Tenho de confessar que sou muito impulsivo e errático
na escolha das minhas leituras de formação em economia e ciências sociais em
geral, não tendo propriamente um programa de investigação a orientar essa escolha.
Agora que estou afastado das lides universitárias esse caráter aleatório das
escolhas tem vindo a intensificar-se, mesmo com o enquadramento do Interesse
Privado, Ação Pública a orientar uma parte dessas opções. Continuo a deixar-me
seduzir pelo acaso de uma referência e, de vez em quando, essa referência é uma
autêntica mina porque me conduz a novas pesquisas. Não é método que se
recomende a ninguém, mas sou refém da minha gama demasiado lata de interesses
académicos e por isso já não é tempo de mudar.

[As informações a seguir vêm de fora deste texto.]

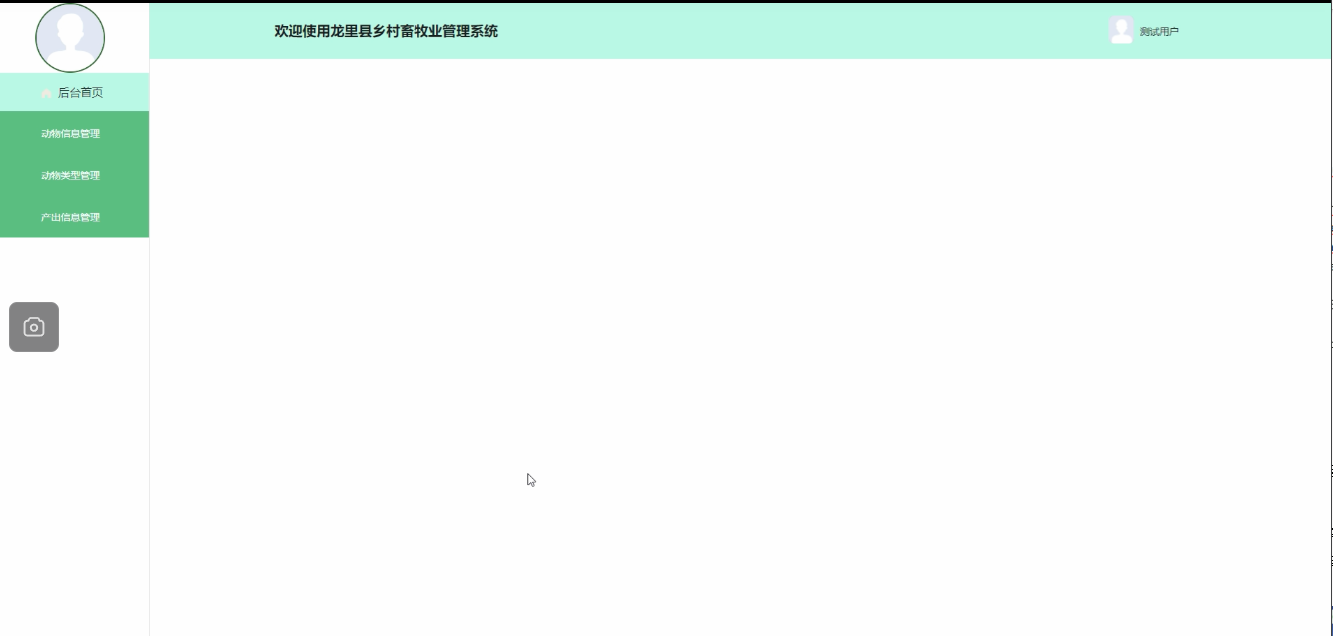 进入系统首页,用户可以看到动物信息管理、动物类型管理、产出信息管理等功能的快捷入口,其主界面展示如下图所示。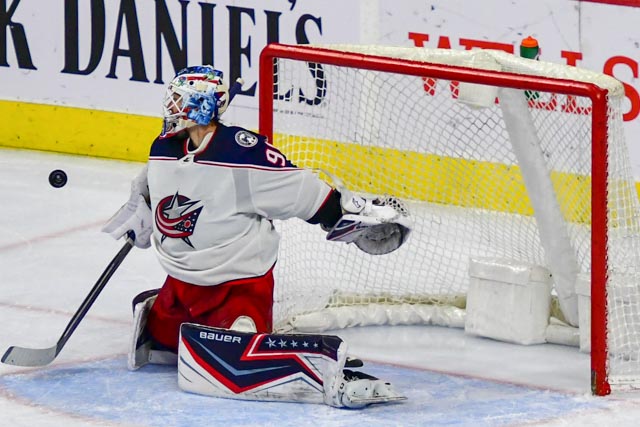 Elvis Merzlikins made 47 saves in the Blue Jackets win.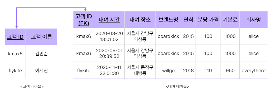 고객 테이블과 대여 테이블로 분리하여 부분 함수 종속을 제거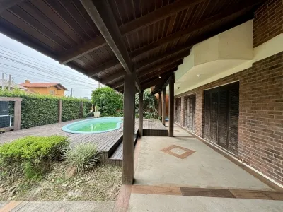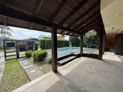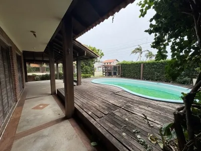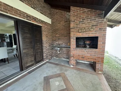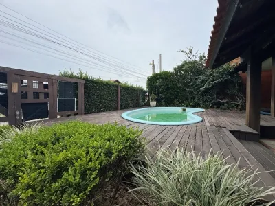Sobrado em alvenaria, a 03 quadras do mar, pertinho da Barra de Imbé, com piscina, composto por 4 dormitórios, sendo 02 suítes com sacada, banheiro social, lavabo, ampla sala de estar com lareira, sala de estar, cozinha, área de serviço, depósito.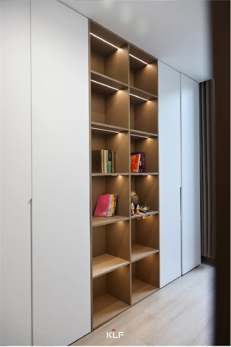 科技直紋/茶白作為過渡從客廳經(jīng)由走廊延展到臥室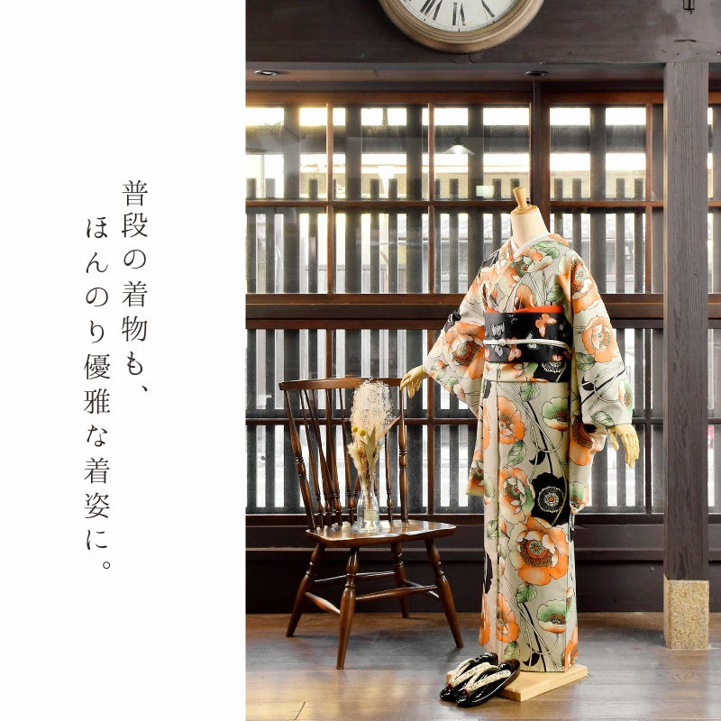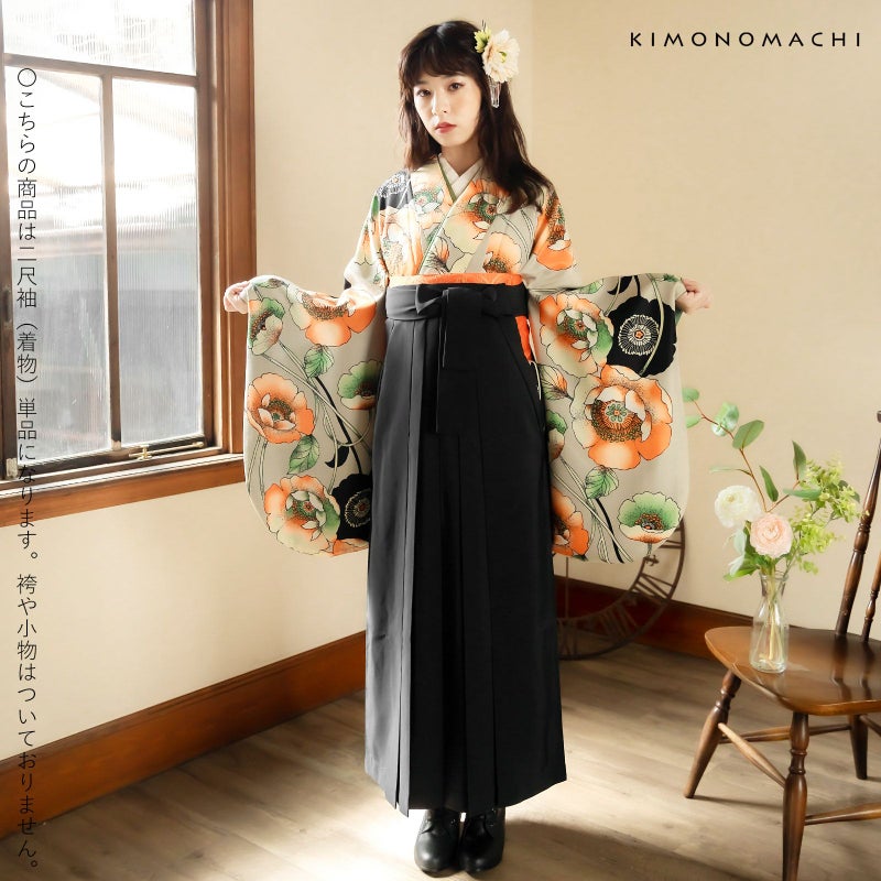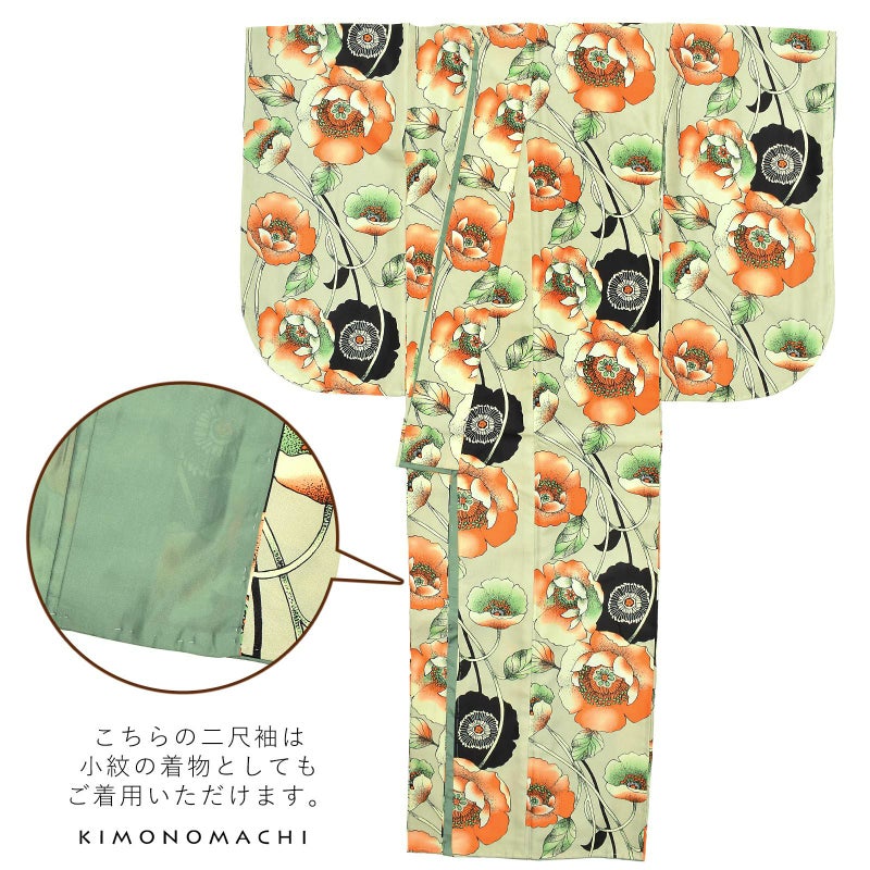 京都きもの町オリジナルブランド「KIMONOMACHI」の二尺袖着物単品です。袴と合わせて卒業式などの袴スタイルに。また身丈が通常の着物と同様の長さがございますので、袴無しで、袖が長めなアンティーク風着物としてもお召しいただけます。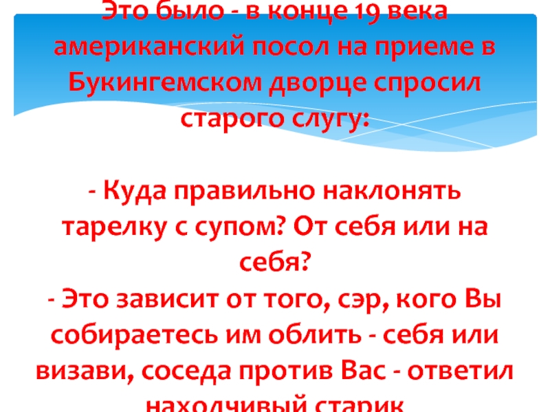 Слайд 22Это было - в конце 19 века американский посол на приеме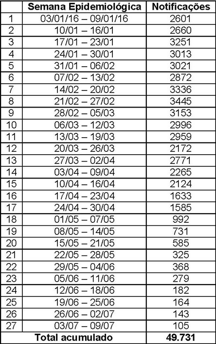 O Boletim Epidemiológico da Dengue é apresentado de duas formas: uma tabela com a indicação das notificações em números absolutos por semana epidemiológica e outra com a incidência de casos de dengue por município.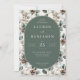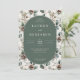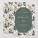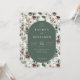 Cette élégante invitation de mariage présente un design d'inspiration vintage avec un panneau central en forme d'ovale sur un fond vert discret, entouré d'une bordure florale et botanique de feuilles, de baies et de pommes de pin dans des tons beige doux, vert olive et brun terreux. La disposition est symétrique, créant une composition équilibrée et harmonieuse qui dégage chaleur et sophistication. Une typographie serif élégante met en valeur les noms et les détails de l'événement, tandis que le style général mélange des impressions botaniques classiques avec un charme rustique, ce qui la rend parfaite pour une réunion intime et sophistiquée. La technique d'illustration numérique propre et soignée renforce la sensation naturelle et organique, idéale pour célébrer un moment de vie spécial avec grâce et raffinement.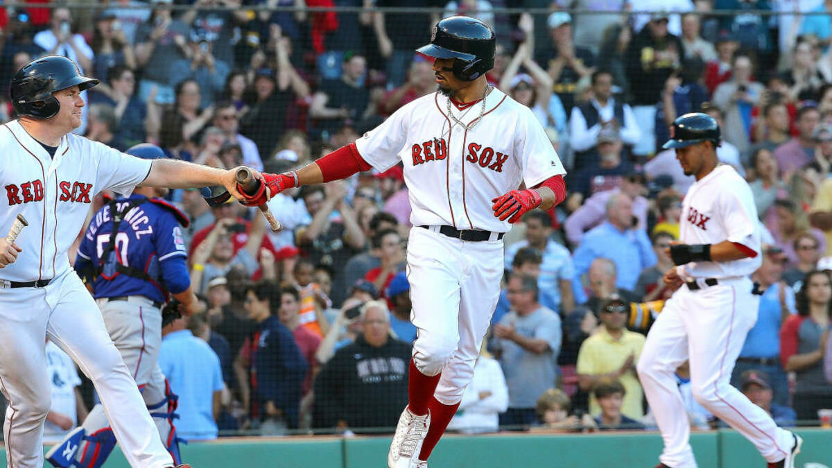 Mookie Betts walked with the bases loaded in the ninth to bring home the winning run in a 4-3 Red Sox walk-off victory over the Rangers at Fenway Park. Christian Vazquez doubled and Jackie Bradley Jr. singled to open the inning. Andrew Benintendi tripled, doubled and drove in the first three Boston runs. The Red Sox snapped a three-game skid. Hunter Pence pelted a two-run double in the first for Texas. Elvis Andrus tied the score at three with an eighth-inning sacrifice fly. Texas is 4-and-2 in its last six games.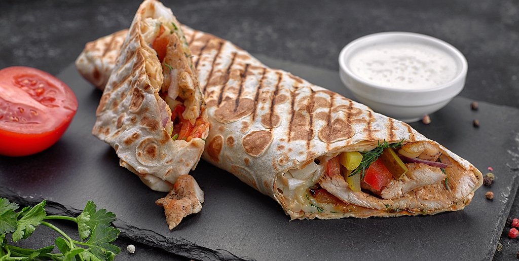 Se prăjeşte ceapa şi usturoiul. Pieptul de pui se taie în felii subţiri sau cuburi şi se adaugă la ceapă. Se aromatizează (sare, piper, nucşoară, curry, sos Worchestershire) şi se fierbe, iar în final se prăjeşte uşor. Smântâna se amestecă cu condimente verzi (pătrunjel, arpagic, busuioc), muştar, sare, piper, miere şi cu 2 căţei de usturoi. Legumele se spală şi se taie în bucăţi mici. Înainte de servire, aluatul de tip wrap se umple după gust cu carne, legume şi sos.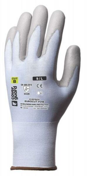 maximális szakítás- és kopás-, továbbá B színtű TDM vágásbiztosságú, 18-as kötésű, multiszálas (HPPE, poliamid és elasztán alapanyagú) világos kék védőkesztyűtenyerén szürke, kopásálló PU mártáskiváló fogás-, és csúszásbiztosság, 2. bőr érzetmegnövelt élettartam, szilikon mentesszellőző kézhát, gumírozott mandzsettaMÉRET: 6, 7, 8, 9, 10, 11CSOMAGOL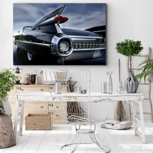 - Dieses Gemälde zeigt ein klassisches Retro-Auto mit glänzendem Chrom und markanten Heckflossen. Es ist die perfekte Dekoration für Autoliebhaber und Liebhaber des Vintage-Stils.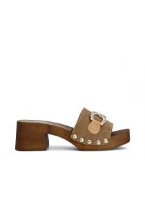 Clogs mit holzabsatz wildleder und horsebit. 24 mm hoher plateauschuh und 55 mm absatz.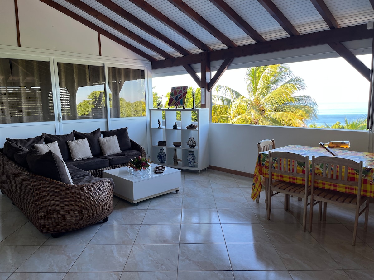 Maison , vue 180° sur mer des Caraïbes. Plage a 50 mètres. Cuisine toute équipée (plaque, micro-ondes, lave vaisselle, lave linge etc...), air conditionné dans les chambres, grande véranda de 50m2. Bar ouvert sur véranda. Deck avec solarium et barbecue. Chambres spacieuses avec rangements. 2 salles de bains, 2 WC. Salon et espace repas sur véranda. Wifi gratuit (fibre) Proximité route passante occasionnant en journée du bruit de voitures . Cet inconvénient disparaissant le soir et la nuit.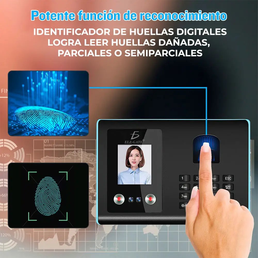 Maquina Reloj Checadora con Identificador de Huellas Y Cámara Frontal

A referência de hoje, que pode dar origem a uma
leitura obsessiva e de grande alcance, tem uma história interessante e só a
reproduzo aqui porque está relacionada com alguma interação realizada a partir
deste blogue e do que nele se publica.
Tudo começou com o meu relato aqui no blogue do
encontro de António Costa na Cooperativa Árvore, no Porto, com algumas
personalidades potencialmente apoiantes, onde eu estava presente. Discutindo
criticamente a interpretação que eu tinha realizado da conversa de mesa que tínhamos
travado, o colega Guilherme Costa (GC) teve a amabilidade de me dirigir um mail
em que comentava essa interpretação e que tinha por suporte a incerteza da
governação nas condições atuais em que ela se concretiza. No âmbito dessa
reflexão, o GC referiu-me um artigo que o tinha fortemente influenciado, na
transposição que dele realizou para o mundo da empresa, que é aquele em que se
movimenta. Curiosamente, a referência correspondia a um artigo que tinha passado
algures no tempo pelo meu radar de seduções de leitura, na altura em que pela
entrada das teorias do planeamento o desenvolvimento urbano atraía então as
minhas atenções. O artigo era de autoria do cientista-arquiteto Christopher
Alexander, data dos anos 60 e chama-se “A City is not a tree” (link para o pdf aqui). Nesse artigo, Alexander
defende a sua relevante tese de que as cidades não podem ser representadas por
uma estrutura abstrata do tipo “Árvore”, mas sim por uma outra mais complexa,
designada de “semilattice” (em português livre, algo de semelhante a
semitrama). O artigo é marcante, pois sistematiza a crítica de Alexander à
incapacidade de arquitetos e urbanistas criarem cidades artificiais em
contraponto da complexidade das cidades naturais. Um dia voltarei ao significado
dessa tese.
Por agora, interessa sublinhar que a história não
ficou por aqui. A leitura de “A City is not a tree” despertou-me interrogações
e curiosidade, sobretudo porque dei comigo a pensar por que razão nas minhas
incursões pelas teorias de planeamento e do urbanismo a obra de Alexander não
me tinha saltado com naturalidade. Percebi depois que Alexander é um crítico
violento da modernidade na arquitetura e dos desastres de convivialidade e de
condições de vida que tem gerado e talvez esteja aí a razão para o seu
apagamento.
Mas todas estas interrogações preencheram uma
função bem precisa na minha errática pesquisa. Tratava-se de uma entrada que não
pude deixar de abrir, ou seja o artigo “A
City is not a tree” vai-me levar a novas leituras sistemáticas, compensando
aquilo que penso ser uma lacuna que ainda estou a tempo de compensar.
Christopher Alexander, Professor Emérito em
Berkeley, evoluiu para uma obra de fim de carreira, simultaneamente fonte de
investigação para muitos que iniciam a sua pesquisa, uma obra monumental de
quatro volumes, que tem por título global The Nature of Order – An Essay on the Art of
Building and the Nature of Universe. Ontem, mergulhei no primeiro
volume The Phenomenon of Life e tudo se conjuga para uma leitura
obsessiva que levará tempo. Tenho a intuição de que a minha forma de encarar o
planeamento não será a mesma depois de mergulhar nesta obra monumental, o que não
deixa de ser um enorme aliciante mesmo aos 65 anos.